Update code. I got some insider push backs because I was trying to update the code and release the trained checkpoints at the same time. I apologize for the delay, and will try to push on this more.

dgedon · 2021-03-17T09:26:13Z

Thanks @hyhieu.

About Taylor expansion: It works out nicely when you start in your way.
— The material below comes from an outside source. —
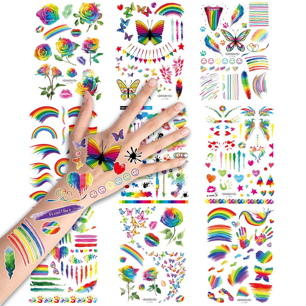 9 Sheets Rainbow Tattoos Rainbow Stickers Temporary Waterproof

However, I have two follow-up remarks/question on it:

With your derivation I think you have student loss old - student loss new, which is actually different to your implementation here, where you have loss new - loss old and it is different to this repository:

MPL-pytorch/main.py

Line 216 in bdedb8e

dot_product = s_loss_l_new - s_loss_l_old

which is actually the main discussion point of this issue.
When comparing f(x+h) - f(x) = f'(x) * h with (12) from your paper, then I assume one should take the pseudo labeled data (x_u, \hat{y}_u) for the 'student loss old' (and labeled data (x_l, y_l) for the 'student loss new'). However, in this repository's code it is the following. Is this a mistake or do I misinterpret the equations?

MPL-pytorch/main.py

Line 197 in bdedb8e

s_loss_l_old = F.cross_entropy(s_logits_l.detach(), targets)

About Soft Labels: I have to think this a bit more through. In your paper in (10) you have instead of a one-hot encoding with hard labels for \hat{y}_u just a 'smoothed' version when using soft labels. From this point I don't understand how this changes the derivation.
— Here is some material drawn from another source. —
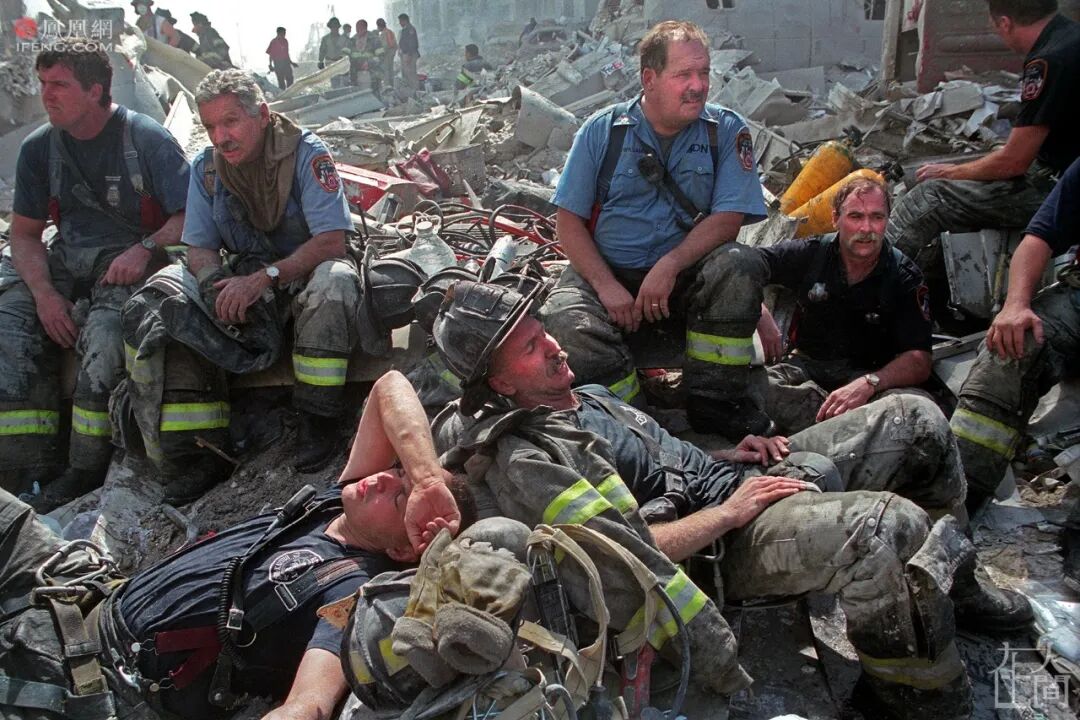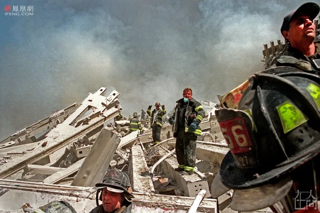 ■ 消防员站在南塔的废墟上,按照救火时传递水桶的队形,搜救着幸存者。

zxhuang97 · 2021-04-27T06:44:56Z

Thanks @hyhieu.

About Taylor expansion: It works out nicely when you start in your way. However, I have two follow-up remarks/question on it:

With your derivation I think you have student loss old - student loss new, which is actually different to your implementation here, where you have loss new - loss old and it is different to this repository:

MPL-pytorch/main.py

Line 216 in bdedb8e

dot_product = s_loss_l_new - s_loss_l_old

which is actually the main discussion point of this issue.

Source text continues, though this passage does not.